There are serious systemic problems in our justice system surrounding the treatment of sexual assault complainants. There is a culture of intimidation, denial and blaming by police, lawyers, judges and juries that plays a significant role in explaining why so many women do not report their assault and why there are more acquittals in sexual assault cases than for any other offence
In my view, lawyers have played a significant role in the silencing of sexual assault. Anyone familiar with the criminal justice system will tell you, if they are honest, that lawyers appear willing to be more zealous in defending a client charged with sexual assault than for any other offence. Indeed, one prominent Ottawa lawyer once told a group of young budding lawyers that their role in cross-examining a sexual assault complaint is to “whack the complainant … if you destroy the complainant … you destroy the head … you’ve got to attack the complainant hard with all you’ve got.” More recently, a senior member of the bar told a group of lawyers that their job was to “kill” the complainant in cross-examination.
That then brings me to the Ghomeshi lawsuit. Is it another example of the complicity of lawyers in the silencing of sexual assault complainants? If yes, is it ethical for lawyers to follow the instructions of a client to accomplish that purpose?
A number of leading employment lawyers in Canada have been quoted as saying that the lawsuit is frivolous and has no chance of success. Brian Radnoff of Lerners has said that “the document reads more as a publicity stunt than a serious legal challenge.” Howard Levitt of Levitt & Grosman is quoted as saying that “as a unionized employee, [Ghomeshi] has no recourse to sue — and that he and his lawyers must know that.” In other words, the law only grants Ghomeshi the right to seek a remedy pursuant to his collective agreement and not through the civil courts.
So why was it filed? Levitt gets it right, in my opinion, when he notes that the lawsuit is about “intimidating women from going public with allegations of assault at Ghomeshi’s hands” and that “his interest lies in doing his best to ensure both that his narrative prevails and that those with a different tale to tell are silenced. This multi-million-dollar action, however frivolous legally, might just accomplish both.”
None of these senior lawyers, however, have publicly questioned the ethics of the lawsuit notwithstanding their recognition of its chances of success and purpose.
While it is true that lawyers owe a duty of loyalty to their client, lawyers also owe a duty to the profession and the public and to ensure that their conduct does not bring the administration of justice into disrepute.
In Ontario, all lawyers must swear an oath (like the Hippocratic oath doctors swear) before they are eligible to practice law. Part of the oath contains the following commandment: “I shall not refuse causes of complaint reasonably founded, nor shall I promote suits upon frivolous pretenses.” The Rules of Professional Conduct also prohibit a lawyer from “instituting … proceedings which, although legal in themselves, are clearly motivated by malice on the part of the client and are brought solely for the purpose of injuring the other party.”

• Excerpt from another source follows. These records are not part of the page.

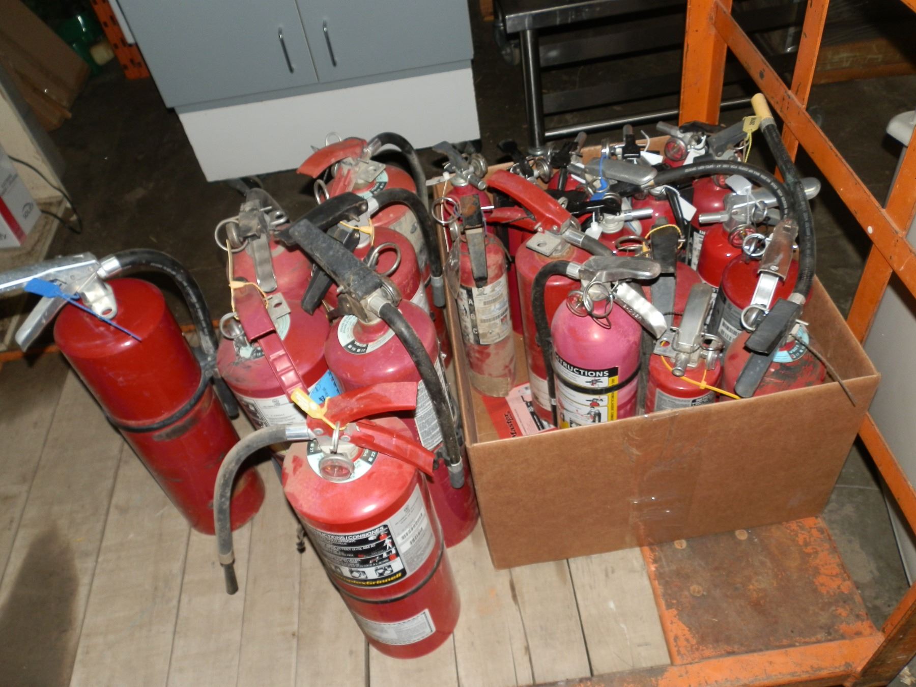 25 Fire Extinguishers, most are charged, various sizes.....New/Used
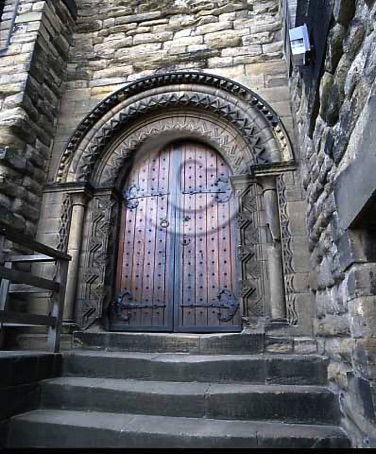 The Keep's main first floor entrance as seen within the open Fortified Forebuilding.
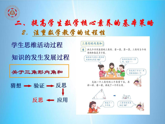 黄俊辉老师分别从核心素养与数学核心素养、提高学生数学核心素养的基本策略、核心素养背景下的数学课堂教学实施三个方面进行授课。他讲到“核心素养”是学生在接受相应学段的教育过程中,逐步形成的适应个人发展和社会发展需要的必备品格和关键能力,既包括跨学科核心素养,又包括学科核心素养;数学核心素养是学生在接受相应学段的教育过程中,逐步形成的适应个人终身发展和社会发展需要的人的、具有数学特征的思维品质与关键能力,包括数学抽象、逻辑推理、数学建模、直观想象、数学运算、数据分析等,目标是用数学的眼光观察世界、用数学的思维思考世界、用数学的语言表达现实世界。

Now thinking about ethics rarely permits a definitive conclusion on any set of facts. For example, notwithstanding the prohibition on filing frivolous lawsuits, there may be a broader social purpose in doing so. A test case is one example. Another might be to draw attention to a systemic problem. None of those appear to be the case here.
If the purpose was to silence, in my view, the lawyers should have refused to accept the brief. This is a fundamental issue and an important part of our public discourse surrounding this case.
Lawyers and the public need to hear from our regulatory bodies about whether the profession is prepared to accept this as business as usual.
David Tanovich is a professor of law at the University of Windsor where he teaches and writes in the areas of criminal law, evidence and legal ethics.